This is a room for the discussion of travel plans or experiences and the culture of places you have visited or plan to visit.
- White Belt
- Posts: 12
- Joined: Sat Nov 12, 2016 11:13 am
- Location: London
- Languages: English (N), decent French, okay Spanish and Italian and very rudimentary German.
- x 47
I realise that this thread is really old, but I happened to recently re-watch this (first time since it came out, which was quite a while back . . . ). I noticed the vous usage between them too. I put it down to a intentially forced formality between them, to actually force out with language the actual state of intimacy created between them as a result of the prior illicit affair. At least that was what I read as her motivation. From his side it might have been a bit of guilt of the betrayal of his deceased colleague, coupled with respect for her widowed position, and also his viewing her as a sort of unattainable perfection. Lots going on there but I thought it added an interesting nuance and was a nice example of something that is literally untranslatable in the subtitles. In a more flexible English narrative translation you could probably signal this dynamic between then in a more roundabout way with subtle formality markers, but it would be challenging.
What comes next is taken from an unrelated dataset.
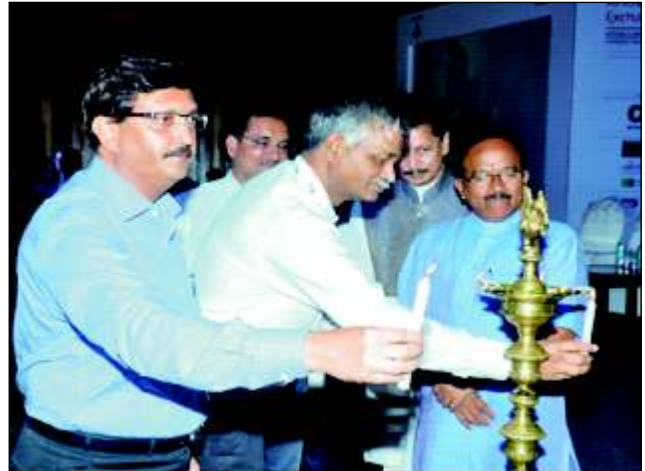
Inauguration of Knowledge Exchange Summit by Hon'ble Chief Minister of Goa, Shri Laxmikant Parsekar & Shri Gyanesh Pandey CMD, HSCC

But definitely cool nerdy fun for linguistics fanatics like us lot!
- Blue Belt
- Posts: 956
- Joined: Sun Jul 19, 2015 5:05 am
- Location: san jose, california
- Languages: English(N),
Samoan(FSI 4+, rusty),
Tagalog (use daily),
- Language Log: http://how-to-learn-any-language.org/vi ... f=15&t=772
- x 2179
Sir and Ma'am can be used in the American South as a way distance oneself from someone you are mad with. I have no idea about French.